4. Increase positive self-instruction and self-reinforcement
Shy people tend to underestimate their achievements and maximize their mistakes , as well as not sufficiently reinforce themselves for the former. It is also common for self-instructions to be given with negative or hesitant tints, such as the typical “I can’t…” or “I don’t know…”. We must try to change these ways of self-direction, as well as congratulate yourself when you do things right.
5. Generates opportunities for socialization
A good way to try to help shy children overcome their shyness is to facilitate situations where they can test and confront their insecurities and meet people. For example, going to the park with him allows him not only to share time together but also to get in touch with his peers . It is important that at least initially the parent or a trusted figure is present or in the surroundings, and the child can seek support and feel more secure.
6. Don’t force it!
Although it may seem contradictory to the previous point, it is not. It is one thing to make it easier for the child to have social contact, but quite another to force him/her to do so when he/she does not want to or to force him/her to play with or approach children he/she does not know or does not want to know. This will be seen as an imposition and as something aversive , making it difficult to overcome shyness. It is about the child flowing naturally, not how or when we want it to.
7. Overprotection does not help
It is logical that we want our children, pupils or children in general to be safe and happy at all times. And, as we have said, criticism, pointing out and the experience of social action as an obligation do not help but harm the possibility of increasing their self-confidence. But putting them in a bubble where they do everything right, where everything is done for them and where nothing bad ever happens can also lead to the same thing: the child may feel incapable of facing real life , not knowing how to react to environmental and social demands or to possible aversive elements.
8. Give example
Little ones imitate what they see at home from childhood. One way to help them overcome shyness is to model interaction with others. If they see proactivity and socialization as normal, they will learn ways to make them observe and will be more likely to act in the same way.
9. Encourages your decision making and responsibility
One way to help your child feel more confident is to involve him or her in decision making. Suggesting that he decides things, however minimal they may be (for example where he feels like going or what he wants you to play), and making them effective allows him to see that his opinions are taken into account and that they have an effect on reality.

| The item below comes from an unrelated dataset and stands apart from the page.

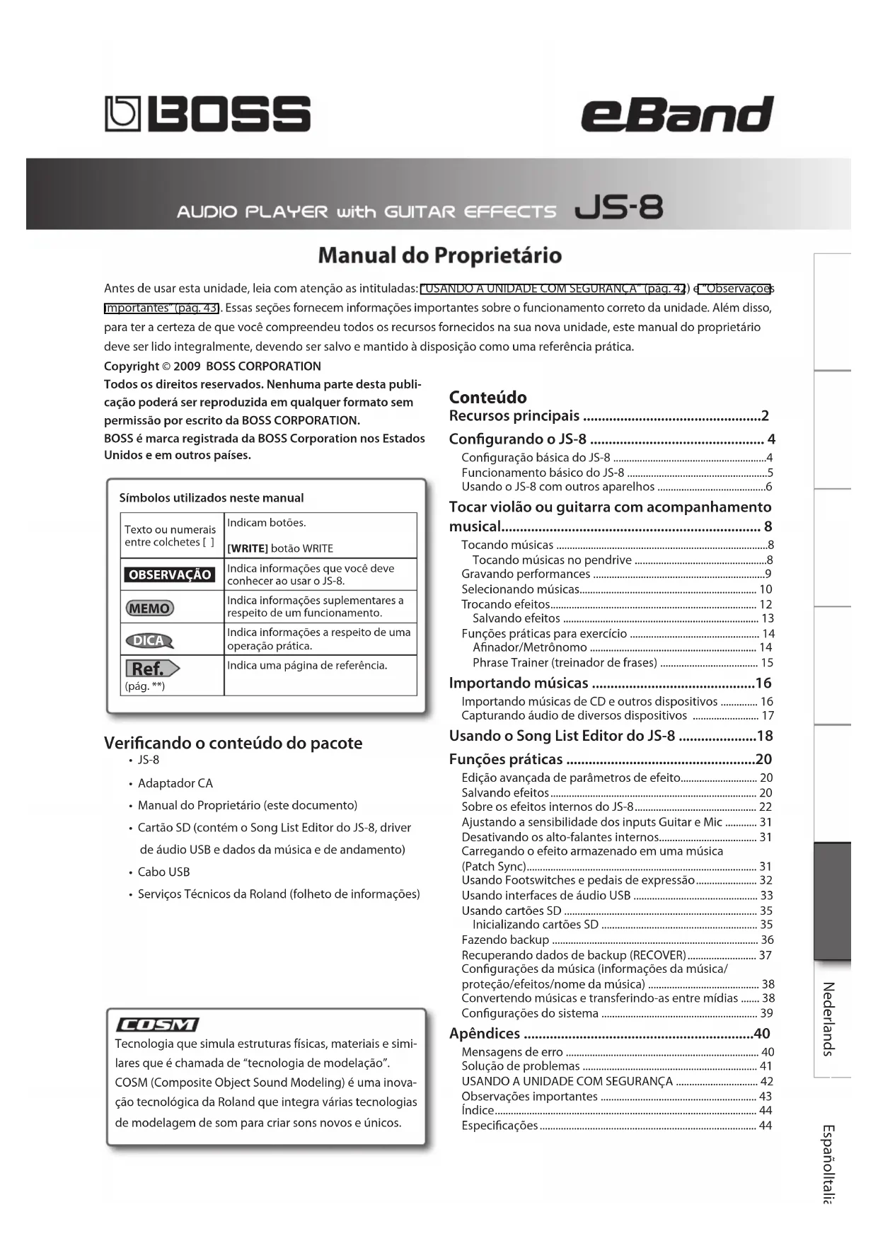 - Pedal de expresión (Roland EV-5, BOSS FV-500L, BOSS FV-500H) 0 dBu = 0,775 Vrms Con el fin de mejorar el producto, las especificaciones y/ o el aspecto de la unidad pueden modificarse sin previo aviso. Método AF (método Adaptive Focus) Es un método patentado de Roland & BOSS que mejora significativamente la relación señal-ruido (S/N) de los convertidores A/D y D/A.NederlandsPortuguêsEspañolItalianoFrançaisDeutschEnglish Manual do Proprietário 201a Antes de usar esta unidade, leia com atenção as intituladas: “USANDO A UNIDADE COM SEGURANÇA” (pág. 42) e “Observações importantes” (pág. 43). Essas seções fornecem informações importantes sobre o funcionamento correto da unidade. Além disso, para ter a certeza de que você compreendeu todos os recursos fornecidos na sua nova unidade, este manual do proprietário deve ser lido integralmente, devendo ser salvo e mantido à disposição como uma referência prática. Copyright © 2009 BOSS CORPORATIONTodos os direitos reservados. Nenhuma parte desta publi-cação poderá ser reproduzida em qualquer formato sem permissão por escrito da BOSS CORPORATION.BOSS é marca registrada da BOSS Corporation nos Estados Unidos e em outros países.Símbolos utilizados neste manualTexto ou numeraisentre colchetes [ ]Indicam botões.[WRITE] botão WRITE OBSERVAÇÃO Indica informações que você deve conhecer ao usar o JS-8. MEMO Indica informações suplementares a respeito de um funcionamento. DICA Indica informações a respeito de uma operação prática. Ref. (pág. **)Indica uma página de referência.Tecnologia que simula estruturas físicas, materiais e simi-lares que é chamada de “tecnologia de modelação”. COSM (Composite Object Sound Modeling) é uma inova-ção tecnológica da Roland que integra várias tecnologias de modelagem de som para criar sons novos e únicos. Vericando o conteúdo do pacote

Another aspect that can help shy children to keep their character from interfering or even to diminish this trait is the performance of activities of their interest. Writing, board games, sports, painting, music, dance, or cooking are some examples of activities they may enjoy, and mastering them can increase their confidence. But again, we must remember that the child must like it and not be an element of pressure.
11. Theatre or role-playing
Although it could actually be included in the previous section, this element has been separated because in it the child must take on the role of another person or being, representing a series of characteristics and ways of doing things that do not have to be their own. The child can learn and observe other ways of acting. Interpretation also tends to favour the emergence of improvisation and to have a fast pace that, although demanding, does not usually leave much time to assess whether things are being done well or badly.
12. Encourages expression
It is important to note that shy children often keep things to themselves. Therefore it is useful to use techniques and activities that allow their expressiveness. Drawing, symbolic play or creating stories with them are good ways to do this.